An example of the issue: https://github.com/rails/rails/issues/47418

Patch: https://github.com/ruby/ruby/pull/7326

Actions #1

Updated by byroot (Jean Boussier) about 1 year ago

  • Description updated (diff)

Updated by ko1 (Koichi Sasada) about 1 year ago

However as of glibc version 2.25 the PID cache is removed and calls to getpid() always invoke the actual system call which significantly degrades the performance of existing applications.

Could you show some benchmark results with/without your patch?
As I understand getpid() system call is well tuned so I surprised that there is an impact on the app.

Updated by byroot (Jean Boussier) about 1 year ago

require 'benchmark/ips'

Benchmark.ips do |x|
  x.report("Process.pid") { Process.pid }
end

On macOS where getpid() is still cached:

ruby 3.2.0 (2022-12-25 revision a528908271) [arm64-darwin22]
Warming up --------------------------------------
         Process.pid     1.879M i/100ms
Calculating -------------------------------------
         Process.pid     18.682M (± 2.1%) i/s -     93.968M in   5.032405s

On the same machine, but using the docker ruby:3.2 image (glibc based)

ruby 3.2.0 (2022-12-25 revision a528908271) [aarch64-linux]
Warming up --------------------------------------
         Process.pid   356.920k i/100ms
Calculating -------------------------------------
         Process.pid      3.539M (± 1.3%) i/s -     17.846M in   5.042975s

My branch on macOS:

ruby 3.3.0dev (2023-02-16T18:42:31Z cache-process-pid 0cd4797132) [arm64-darwin22]
Warming up --------------------------------------
         Process.pid     1.804M i/100ms
Calculating -------------------------------------
         Process.pid     18.465M (± 1.3%) i/s -     93.812M in   5.081288s

I'll try to build that branch in a docker container to benchmark it on glibc, but given the implementation I expect the same performance.

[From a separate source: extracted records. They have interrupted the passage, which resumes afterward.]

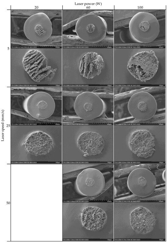 Lastly to be investigated from the cross-sectional images is the small tail visible in the samples cut at 25 mm/s and 20 W, which is also visible in the longitudinal images (Figure 14). This may result from the relatively fast but low-energy input of the laser. There is not enough time for the sheath material to be fully and cleanly cut and the remaining “tail” is broken after cutting. This would also explain why cutting with even higher speed was not possible at the lowest power (50 mm/s and 20 W). The even higher speed and less dwell time for cutting resulted in an uncut filament, which was macroscopically visible.
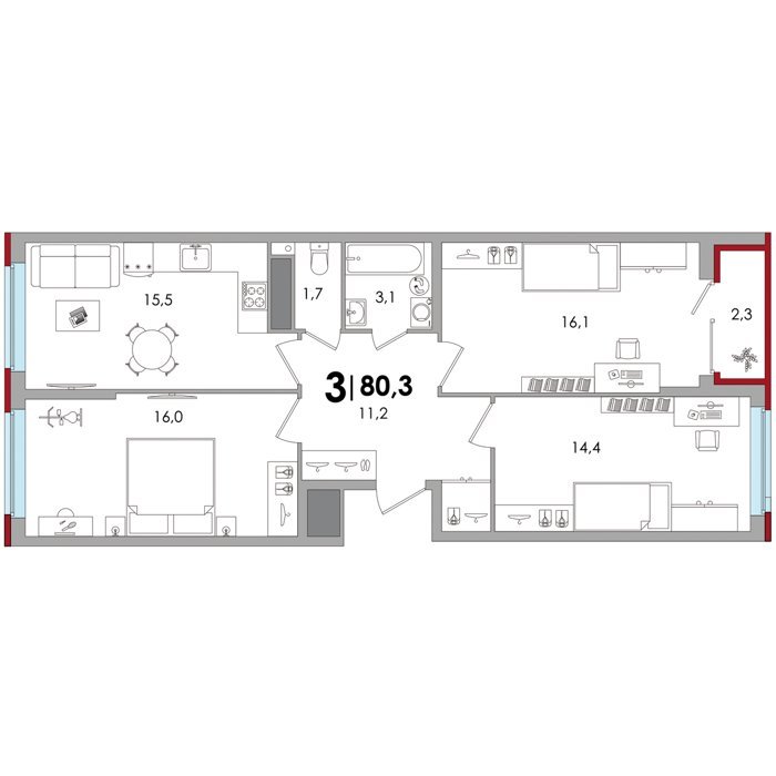Площадь от 79.0 м2
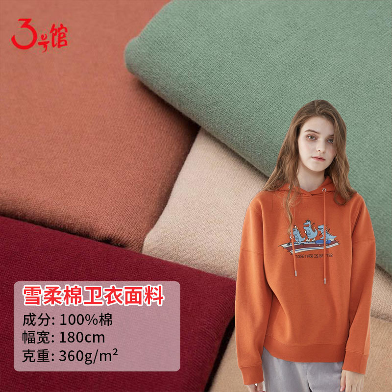 厚手の純綿スウェット生地360g、綿100%スウェット、スノーベルベット、魚鱗状の毛圈布、衣料品、スウェットパンツ、ニット生地
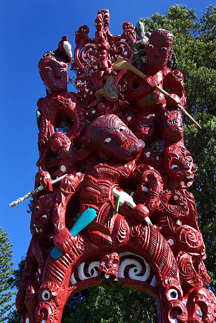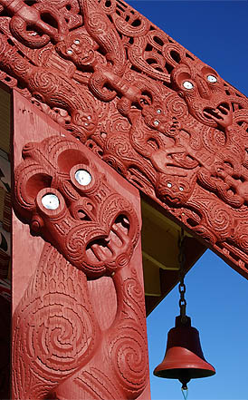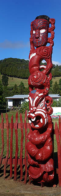 La région est l'une des plus actives pour les populations maories. La plupart des villages possèdent de superbes totems et "marae" (maison commune - ci-dessous celle de Tukaki à Te Kaha) ; on capte des radios en langue maorie ; on croise des jeunes avec des tatouages traditionnels... Après avoir été niée pendant des décennies de colonisation anglaise, puis dénigrée, cette culture originale renaît, accompagnée de revendications parfois virulentes concernant notamment les terres tribales autrefois vendues pour une poignée de pièces et quelques bouteilles d'alcool, aujourd'hui réclamées pour être exploitées par les descendants des tribus (iwi). Pour en savoir plus, voir notamment l'histoire du traité de Waitangi, texte fondateur de l'autonomie des Maoris au sein de l'empire britannique.
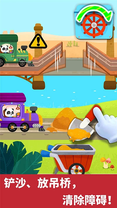 游戏里设计了好几个关卡,宝宝得动动脑筋来解决各种难题,像放下栏杆、清理铁路、修补铁轨之类的。借助这些关卡的安排,宝宝可以锻炼自己解决问题的能力。家里有孩子需要进行启蒙教育的朋友们,欢迎来我们网站!
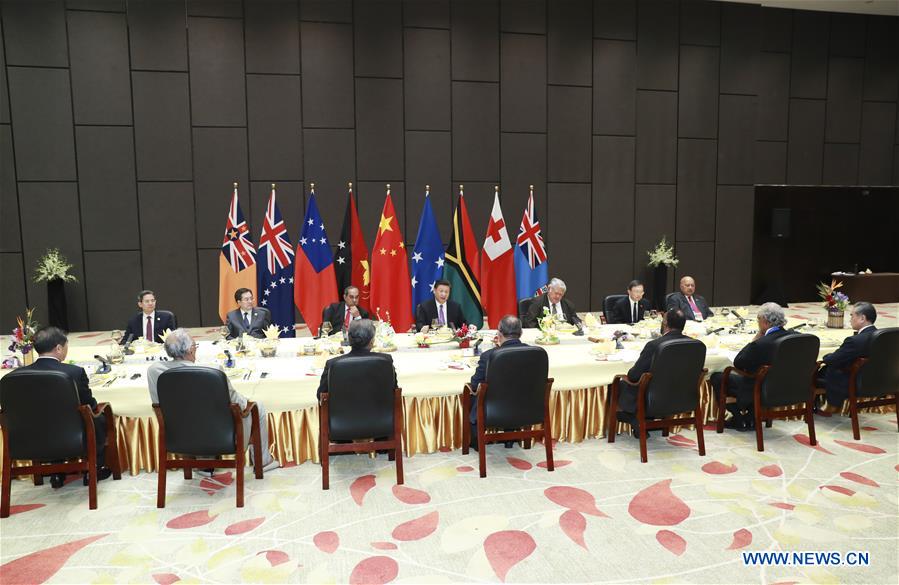 Le président Xi a prononcé le discours liminaire de la réunion collective qui a rassemblé le Premier ministre de la PNG, Peter O'Neill, le président des états fédérés de Micronésie, Peter Christian, le Premier ministre des Samoa, Tuilaepa Malielegaoi, le Premier ministre de Vanuatu, Charlot Salwai, le Premier ministre des ?les Cook, Henry Puna, le Premier ministre des Tonga, Samuela Akilisi Pohiva, le Premier ministre de Niue, Toke Talagi, ainsi que le représentant du gouvernement fidjien, Ratu Inoke Kubuabola, ministre de la Défense du pays.
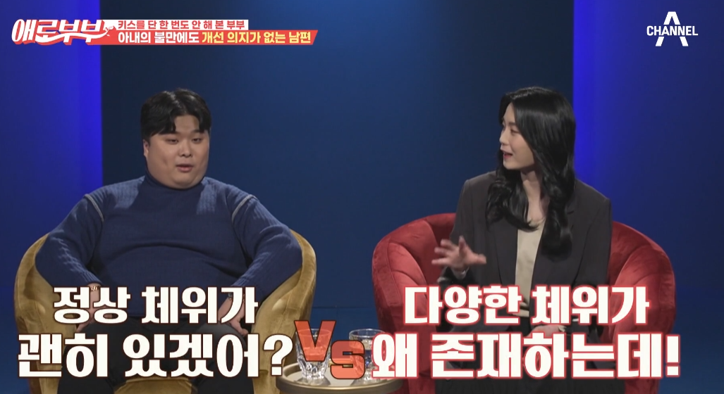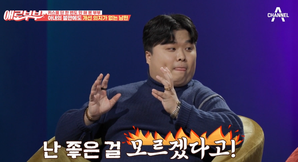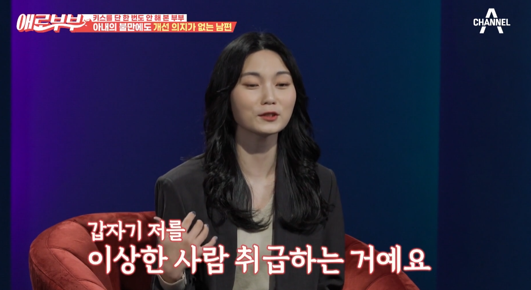 남편 정 씨는 “키스같은 게 꼭 필요하냐. 굳이 왜 해야 하냐”라 자신의 소신을 말하니 아내 이 씨는 어이없다는 듯 남편을 쳐다봤다.
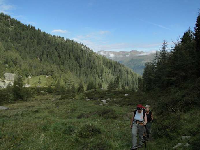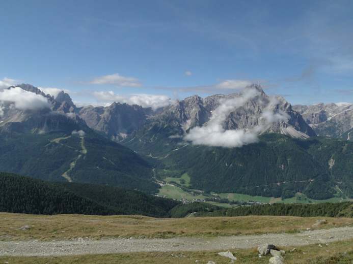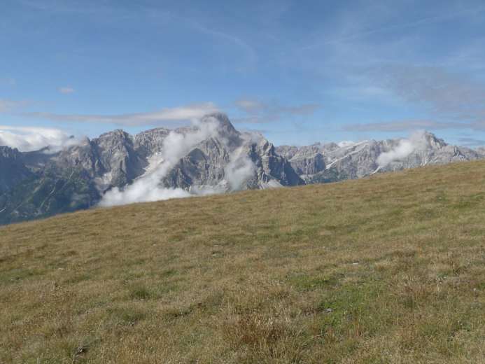 Noch ein Stück durch den Wald aufwärts, dann lichtet sich dieser und gibt den Blick frei. Im Norden öffnet sich das Panorama in die Villgrater Berge. Über die Almflächen geht es aufwärts, bis man den Kamm und damit die Grenze zu Italien erreicht. Man ist überwältigt vom Blick in die Sextner Dolomiten.
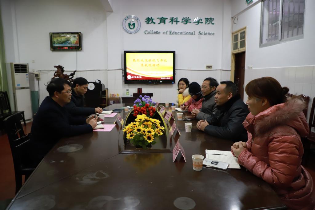 2019年1月2日下午4:00,学校党委书记陈晓飞在党政办公室主任邓双喜陪同下到我院开展走访调研工作,在家学院党政领导班子成员参加会议。
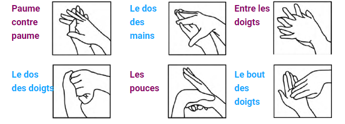 Voici les six étapes du lavage des mains (voir images ci-dessous)
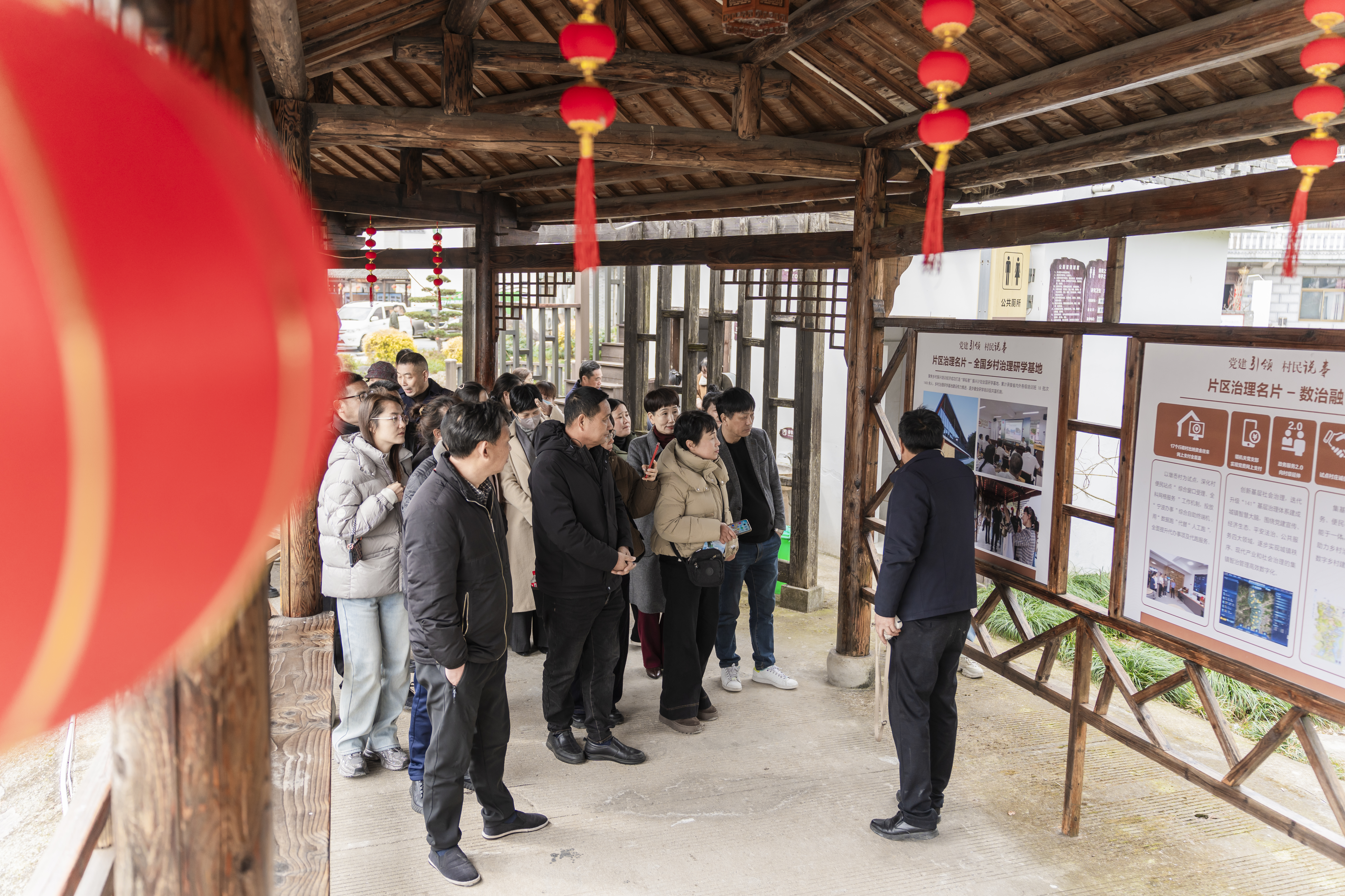 在理论教学后,师生分组开展实地调研。在“党建长廊”,学员们通过图文展板深入了解墩岙村“党建+网格治理”模式,深刻感悟基层党组织在环境整治、矛盾调解中的引领作用;“村民议事厅”内,村干部现场还原“一事一议”民主决策流程,展现基层协商民主的生动实践。
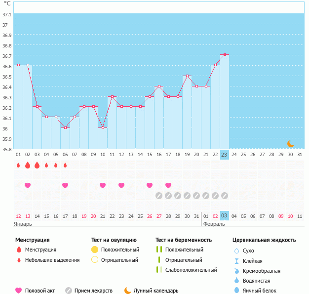 а еще я бы по графику сказала бы что она была на 21 дц. всплеск лг был тогда скорее всего 19-20дц. но вы тесты в эти дни не делали. если поставите в графике не учитывать температуру во время менструации, т.к. обычно в менструацию ее не меряют и не учитывают, то график дня через два вам нарисует овуляцию, как раз на 21 дц.
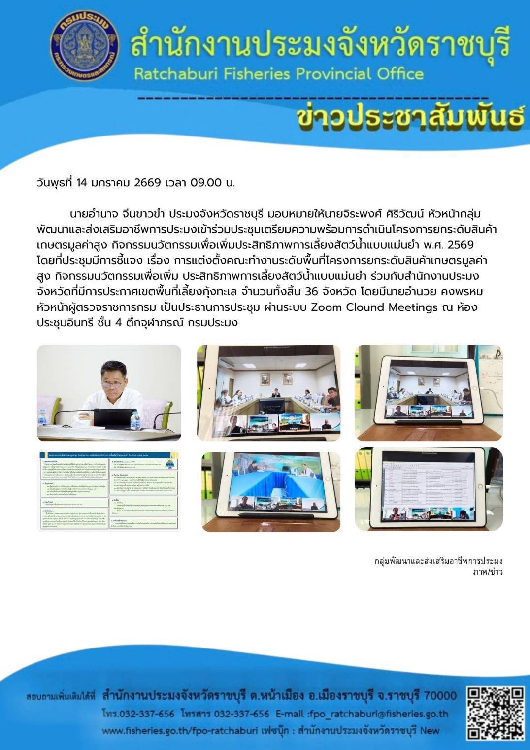 วันพุธที่ 14 มกราคม 2669 เวลา 09.00 น. นายอำนาจ จีนขาวขำ ประมงจังหวัดราชบุรี มอบหมายให้นายจิระพงศ์ ศิริวัฒน์ หัวหน้ากลุ่มพัฒนาและส่งเสริมอาชีพการประมง เข้าร่วมประชุมเตรียมความพร้อมการดำเนินโครงการยกระดับสินค้าเกษตรมูลค่าสูง กิจกรรมนวัตกรรมเพื่อเพิ่มประสิทธิภาพการเลี้ยงสัตว์น้ำแบบแม่นยำ พ.ศ. 2569 โดยที่ประชุมมีการชี้แจง เรื่อง การแต่งตั้งคณะทำงานระดับพื้นที่โครงการยกระดับสินค้าเกษตรมูลค่าสูง กิจกรรมนวัตกรรมเพื่อเพิ่ม ประสิทธิภาพการเลี้ยงสัตว์น้ำแบบแม่นยำ ร่วมกับสำนักงานประมงจังหวัดที่มีการประกาศเขตพื้นที่เลี้ยงกุ้งทะเล จำนวนทั้งสิ้น 36 จังหวัด โดยมีนายอำนวย คงพรหม หัวหน้าผู้ตรวจราชการกรม เป็นประธานการประชุม ผ่านระบบ Zoom Clound Meetings ณ ห้องประชุมอินทรี ชั้น 4 ตึกจุฬาภรณ์ กรมประมง
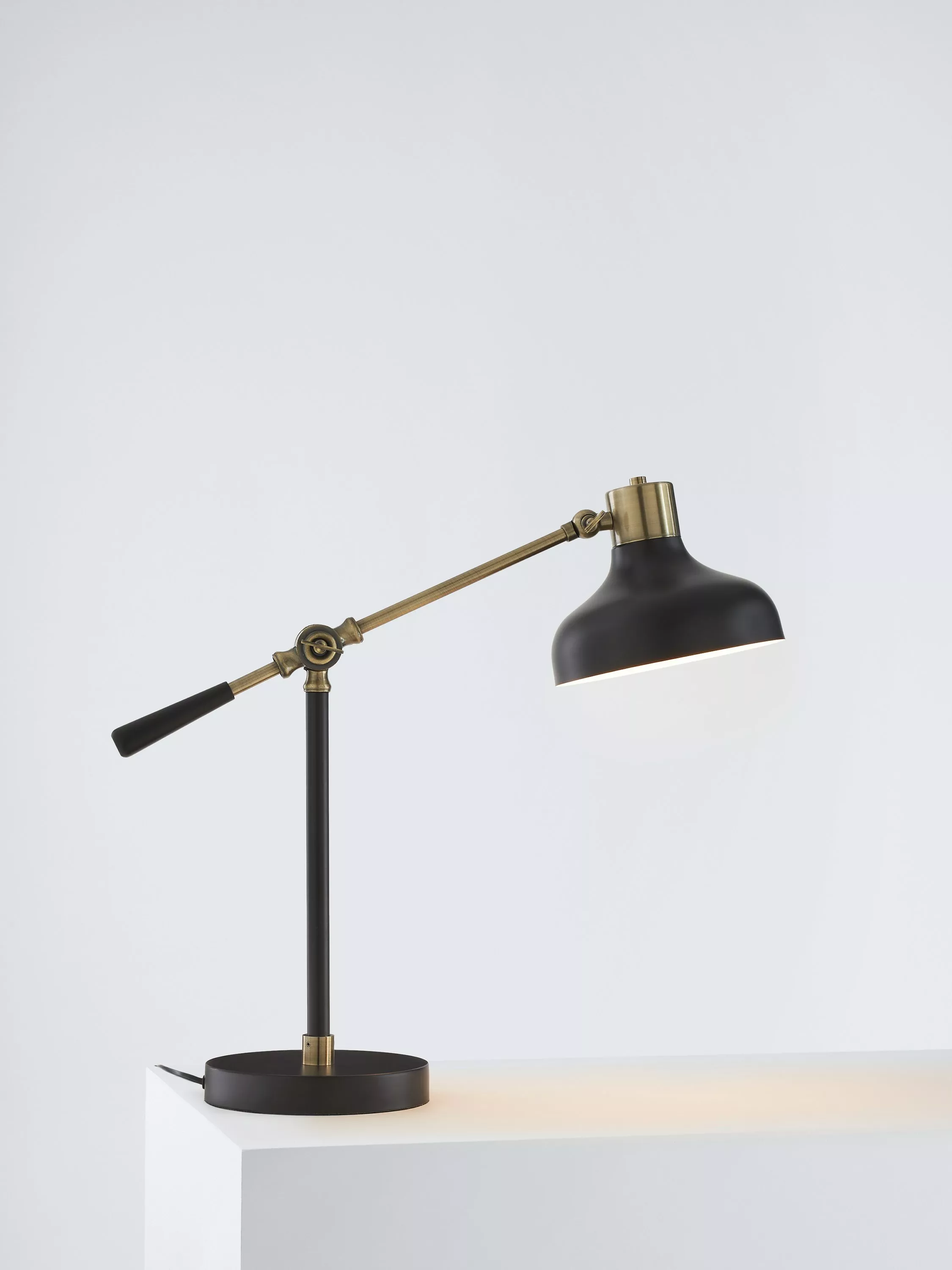 Our Balance Arm Table Lamp has an adjustable stand and shade for controlled lighting. The weighted base keeps the design stable and the desk lamp features antique brass details combined with solid colour in a painted finish.
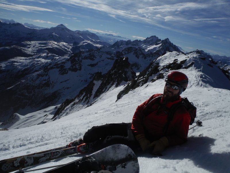 Le soleil commence à monter dans le ciel alors que nous montons tranquillement en voiture au dessus du Biollay, en Lauzière. Il fait beau, il fait chaud, il y a naturellement pas un centimètre carré de neige autour de nous. Mais qu’est-ce qu’on vient faire ici déjà ? Cueillir des champignons ? Admirer des marmottes ? Ramasser quelques brins de génépi ? Pas vraiment, il paraît qu’on est là pour faire du ski ! Deux ou trois virages avant de garer la voiture, la voici, la neige ! Les quantités sont modestes : on remarque des bandes de neige d’au moins 3 centimètres d’épaisseur, mais ça suffira pour monter ! On se met en route rapidement, légèrement pressés par l’envie de distancer un peu les 10 voitures qui viennent d’arriver juste après nous au parking… On remonte la route d’été en coupant les virages et en alternant neige dure et herbe jusqu’à sortir de la forêt. Et là (très bonne) surprise : l’enneigement a l’air bien meilleur pour la suite puisque l’on a un grand champ de neige devant nous, et nous apercevons l’objectif du jour : la pointe de Combe Bronsin. Il a eu le nez creux le Xavier. On monte un peu en direction du Col du loup, puis on bascule main gauche pour une traversée descendante qui nous mènera dans le vallon menant au sommet. Pour ma première sortie de ski de l’année, cette descente avec les peaux et les fixations en mode montée, c’est du gros gros ride… idéal pour retrouver directement de bonnes sensations ! On remonte ensuite le vallon, et la température chauffe. Les conditions sont printanières : neige regelée et dure à la montée, montée au soleil en tee-shirt, crème solaire. On arrive rapidement au sommet où la vue est au top (Ecrins, Vanoise, Mont Blanc, Cervin, etc.) et le pique-nique aussi. On finit sur une note de chocolat et de gnôle pour clôturer ce festin, le temps que ça décaille. Allez, c’est parti mon kiki ! On chausse et on attaque la descente, alternant des passages de très bonne moquette à poils moyens, et des passages en neige un peu plus dure. Ça fait trop plaisir de remonter sur les skis ! On arrête la descente un peu avant les ruines du Chalet de Colomban pour remettre les peaux et pouvoir rebasculer côté Lachat. La suite de la descente est moins bonne, mais nous mène, moyennant quelques rapides déchaussages à 10 mètres de la voiture. Bien content après une belle journée en montagne comme celle-ci ! Quelques instants plus tard au bistrot, Claire nous regarde l’air sérieux en déclarant avoir quelque chose « d’important à nous dire » … va-t-elle annoncer son mariage ? est-elle candidate à la primaire de la gauche ? va-t-elle abandonner le split et se convertir au ski ?… En fait, c’est plutôt « ça vous dirait de faire le compte-rendu de la sortie ? ». LOL comme disent les djeunes. Je crois que je me suis fait avoir.
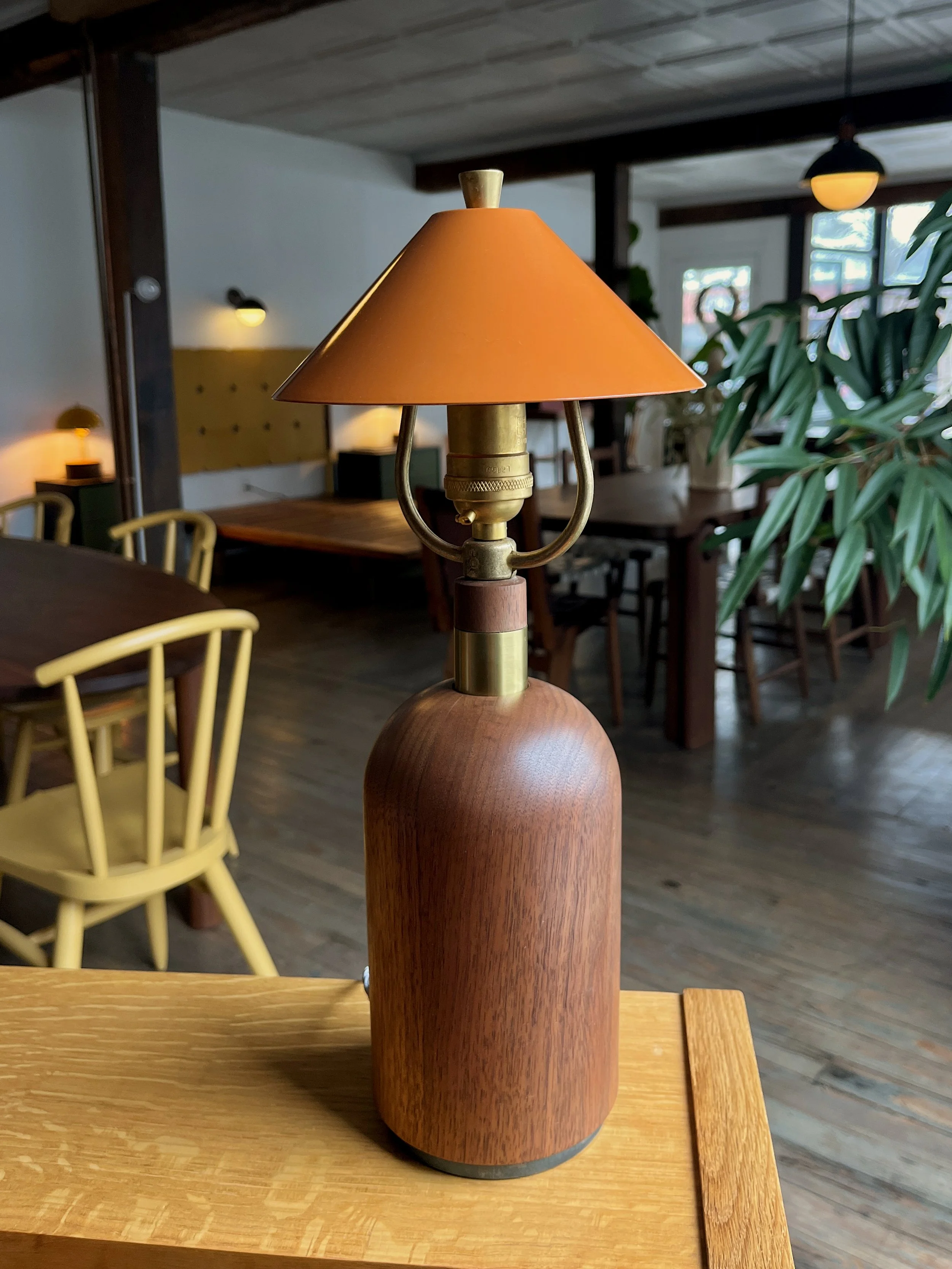 Dimensions: 16 1/2” OH, 4” Dia Oiled Walnut Base, 7” Dia Cone Shade in Rust
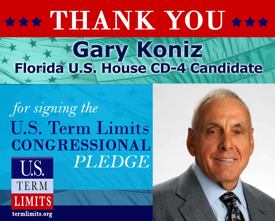 Melbourne, FL – U.S. Term Limits (USTL), the leader in the national movement to limit terms for elected officials, today praised Florida U.S. House candidate, Gary Koniz, for signing its congressional term limits pledge.

Updated by byroot (Jean Boussier) about 1 year ago

Here, from my branch built in a Ubuntu jammy (22.04) based image:

ruby 3.3.0dev (2023-02-16T18:42:31Z cache-process-pid 0cd4797132) [aarch64-linux]
Warming up --------------------------------------
         Process.pid     1.848M i/100ms
Calculating -------------------------------------
         Process.pid     18.561M (± 1.5%) i/s -     94.245M in   5.078802s

So it's a bit over 5x faster.

Updated by akr (Akira Tanaka) about 1 year ago

I think detecting fork using PID is not a good idea.
PID can conflict because PID is recycled.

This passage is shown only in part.